Not to beat a dead horse. But... Martin at Stowa sent me an email this morning answering my questions about the 36 Marine with a Hand Wind movement. Here is what he wrote.

'After the discussions on watchuseek, our CEO, Mr. Schauer, has updated every photo in our onlineshop by himself - just to be sure that this will not gonna happen again.

So the pictures are correct now: https://www.stowa.de/en/Marine+36+classic-arabic-white.htm (see screenshot enclosed).

Height of the Marine Classic 36 incl. ETA 2804-2 hand winding movement is 9.20 mm.

(For your information: the cases for the automatic movements are 1 mm thicker, means: 10.20 mm, as written in our online shop...

maybe this is the reason for the range of thickness in the forum).


----------



## Nyrfen

Rickster27b said:


> Hi, not to beat a dead horse. But... Martin at Stowa sent me an email this morning answering my questions about the 36 Marine with a Hand Wind movement. Here is what he wrote.
> 
> 'After the discussions on watchuseek, our CEO, Mr. Schauer, has updated every photo in our onlineshop by himself - just to be sure that this will not gonna happen again.
> So the pictures are correct now: https://www.stowa.de/en/Marine+36+classic-arabic-white.htm (see screenshot enclosed).
> Height of the Marine Classic 36 incl. ETA 2804-2 hand winding movement is 9.20 mm.
> (For your information: the cases for the automatic movements are 1 mm thicker, means: 10.20 mm, as written in our online shop...
> maybe this is the reason for the range of thickness in the forum).


Interesting! I guess we will have to see! Seems to be 9.2mm then? They should really put that information on their website since that could be another reason to purchase the hand-wound one over the automatic.


----------



## taurnilf

I believe they should re-measure it. The Urban Gentry's review says otherwise.


----------



## City74

taurnilf said:


> I believe they should re-measure it. The Urban Gentry's review says otherwise.


If you listen to anything that pompous idiot says....you need to rethink watch collecting

Sent from my iPhone using Tapatalk


----------



## ErzengelG

He measured it in front of the camera, so there's no doubt that his Marine 36 mm handwound has a total height of 10.x mm.
We don't know whether he got a piece with the wrong caseback or if the description is wrong.


----------



## Nyrfen

The Urban Gentry Stowa Marine 36mm hand-wound watch review.

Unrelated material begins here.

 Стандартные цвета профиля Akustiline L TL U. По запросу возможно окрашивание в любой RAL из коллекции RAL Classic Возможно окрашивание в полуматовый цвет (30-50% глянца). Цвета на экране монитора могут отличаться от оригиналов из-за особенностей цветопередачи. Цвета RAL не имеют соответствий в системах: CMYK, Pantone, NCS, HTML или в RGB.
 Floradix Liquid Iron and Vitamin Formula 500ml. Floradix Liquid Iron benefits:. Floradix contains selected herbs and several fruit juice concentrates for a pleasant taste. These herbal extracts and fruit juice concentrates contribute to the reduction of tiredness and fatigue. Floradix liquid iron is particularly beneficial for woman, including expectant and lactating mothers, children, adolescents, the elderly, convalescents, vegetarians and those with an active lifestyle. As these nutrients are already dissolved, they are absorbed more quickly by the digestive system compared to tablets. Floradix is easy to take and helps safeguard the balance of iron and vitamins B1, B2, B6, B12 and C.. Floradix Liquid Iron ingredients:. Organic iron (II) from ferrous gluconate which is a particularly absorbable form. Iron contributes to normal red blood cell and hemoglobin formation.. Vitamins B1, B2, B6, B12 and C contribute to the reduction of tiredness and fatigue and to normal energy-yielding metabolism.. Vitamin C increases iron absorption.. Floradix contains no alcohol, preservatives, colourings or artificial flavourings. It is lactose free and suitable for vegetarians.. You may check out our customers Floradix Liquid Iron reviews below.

At 12:50 he begins discussing the dimensions and from 13:01 - 13:08 he says it's "just a smidgen smaller than 11 mms tall" while measuring it.

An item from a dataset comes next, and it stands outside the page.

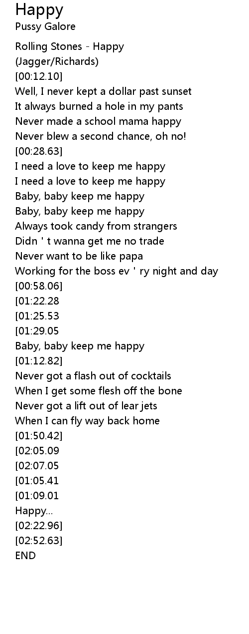 | [01:58.27][01:29.05] | Baby, baby keep me happy |

A thought I just came to think about is that maybe they did not include the domed glass in the measurement on their website. Would be a bit odd to say the least. Since that information would be totally worthless. However I am sure I will enjoy the watch regardless of it's height. I just think that the height is normally a pretty important aspect of a watch, I mean it's the difference between a slim watch and a chunky g-shock.


----------



## Jörg Schauer

Hello everybody,

thanks for comments, discussion, questions, critic and all the other words are written here.

Of course - like always - there are facts and stories - not always easy to see the difference ,-)

Its easier than it seems.

Here is my statement to all open questions and i also have add the "new" sizes to the Onlineshop for the Marine 36 and Marine 40.

I hope that this explanation covers the most of the open questions.

If not - i will try to close the gap between existing and not existing infos.

We are always open like always

best regards

Jörg Schauer
CEO STOWA

Dear customers, dear Forum members,


We have been inspired by you to check the watch descriptions in our online shop and to discuss the challenge of measurements, the way to do it and communicate the same.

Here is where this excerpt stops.